A PROPOSAL for a waste management facility at Leongatha South has got off to a bad start, with residents up in arms and South Gippsland’s mayor, Cr Jeanette Harding, criticising the way the developers, Veolia, have handled the situation.
“Council was surprised by the recent, unexpected announcement of a plan to create a landfill at Leongatha South,” writes the mayor in this week’s Mayor’s Message. “I am a little disappointed in the way the facility developers, Veolia, have handled the situation, as Council did not know about the plan until it was contacted by residents wanting to know the facts.”
A proposal to truck household and commercial industrial waste from Melbourne and dump it in South Gippsland was never going to be popular, but the proponents did themselves no favours by alerting locals of their plans – through a localised letter drop and door knocking exercise on August 3 – even before they briefed Council on August 5.
A number of residents promptly rang their local councillors to express alarm at the proposal. The councillors were not impressed with having to field calls on an issue about which they knew next to nothing.
As soon as practicable, which turned out to be Wednesday August 12, shire CEO Tim Tamlin appeared on ABC local radio and a media briefing was arranged for local press in order to set the facts straight and put to rest the rampant rumours.
“Let’s deal with the facts. The meeting today is about dispelling the rumours,” said Mr Tamlin at the media briefing.
The mayor said it was an issue of concern right across the shire, not just in Leongatha South. She said she had received half a dozen phone calls, including calls from people in Toora and Welshpool.
“I know we’re sounding selfish when we say ‘Not in our back yard,’ but I support the community in this,” said Cr Harding. “Melbourne can take their waste somewhere else!”
Mr Tamlin said the proposed rubbish dump was clearly a deeply emotive issue for the community, with the proposal provoking a similar reaction as coal seam gas. However, he and the shire’s director of development services, Bryan Sword, stressed that it was “still early days,” with Council yet to receive a planning permit application. Once it is – expected to be later this year – it will be considered by Council at a future council meeting.
“We look forward to having an informed discussion with the community. We need to wait for the detail,” said Mr Sword.
“The community can be comfortable that they will be consulted,” he added. “Until we see an application the community shouldn’t be concerned.”
The planning permit application, explained the planning director, will be assessed in accordance with the Planning and Environment Act (1987) under the provisions of the South Gippsland Planning Scheme.

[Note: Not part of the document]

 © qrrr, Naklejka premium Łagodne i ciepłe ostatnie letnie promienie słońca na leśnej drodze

Several different agencies, including the Environment Protection Authority (EPA), VicRoads and possibility the local water catchment authority are likely to have input into any decision on the proposal, which will require the approval of the EPA.

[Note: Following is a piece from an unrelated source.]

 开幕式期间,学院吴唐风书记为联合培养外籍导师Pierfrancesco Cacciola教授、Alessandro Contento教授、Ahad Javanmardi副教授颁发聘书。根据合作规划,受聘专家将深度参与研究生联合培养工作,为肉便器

Council has committed to ensuring the community has ample opportunity to submit feedback on the proposal. Community information sessions will be held following lodgement of a planning permit application.
Veolia is encouraging residents who want to learn more to view their website, in particular the Frequently Asked Questions, or contact the community information line on 0428 928 561.
Mr Tamlin said the proposal has come at a time when significant developments are taking place in waste management. He said it could be that technology will advance sufficiently in the near future to make landfill operations less necessary.
Mr Tamlin pointed to one exciting development which sees South Gippsland combining with five other municipalities to form the Gippsland Collaborative Waste Investment Initiative. The councils are jointly committing to test private sector interest in waste driven investments in the region and are calling for registrations of interest before early September. They are looking for viable commercial proposals that would manage waste materials in environmentally sustainable ways, perhaps with a capacity to deal with garden, food or other organic waste, possibly with a capacity to reduce the impact of extensive waste haulage distances. Registrations of interest are also sought from industrial and other waste generators or suppliers and prospective collaborative partners.